LUDUS & PRAGMA

11. Suasana Sanubari



11. Suasana Sanubari

0"Datanglah ke taman belakang sekolah setelah bel istirahat kedua berbunyi. Aku membawakan makan siang yang enak untuk kamu dari mama." Pesan singkat itulah yang memicu langkah kaki jenjang milik Adam Liandra Kin untuk datang dan menyambangi tempat dengan suasana tak terlalu ramai sebab hanya ada beberapa teman sebaya yang datang berkunjung. Istirahat kedua adalah jam paling nikmat untuk mengisi perut selepas letih separuh hari menjalani aktivitas. Semua teman Adam datang ke kantin di sisi kantor guru untuk melepas lelah dan mengisi kembali tenaga juga energi yang hilang habis terkuras bersama tetesan keringat yang turun membahasi tubuh mereka. Adam ingin ikut sebelumnya, namun pesan singkat dari kekasih menghentikan segala niatnya. Remaja itu memilih mengikuti interuksi dari kekasih ketimbang ikut serta dan ambil bagian di dalam rombongan pemuda lapar yang ingin menyambangi kantin. Teman-teman tim basket Adam Liandra Kin.     
0

"Kapten Kin!" Suara gadis menyela fokusnya. Menarik perhatian Adam yang kini menoleh sembari menaikkan pandangannya, memasukkan ponsel yang ada pada genggamannya ke dalam saku celana basket yang dikenakannya untuk benar menyambut kedatangan gadis yang amat dicintainya.     
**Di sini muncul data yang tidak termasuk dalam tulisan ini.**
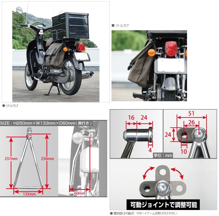 サイドバッグの積載時の車体とのスレ防止、タイヤへの干渉はもとより危険な巻き込みをふせぎます。車体への接続部を可変ピースにすることで取り付け自由度が高く、サポート本体も角度をつけた取り付けが可能。車種汎用度の高い簡易サイドバッグサポートです。寸法: 縦約25cm 横(下側)約13.3cm 高差約6cm ※上部画像参照。縦横は両端からの測定値。

"Aku kira kamu gak akan datang ke sini. Aku lihat teman kamu ke kantin tadi," imbuhnya dengan nada sedang. Duduk di sisi Adam yang menggelengkan kepalanya samar. Tersenyum ringan kemudian meraih tubuh Davira dan memberi rangkulan manja pada gadis itu. Di tempat ini, tak terlalu ramai dan terbuka. Itulah yang menyebabkan Davira hanya diam dan menerima semua perlakuan dari kekasihnya.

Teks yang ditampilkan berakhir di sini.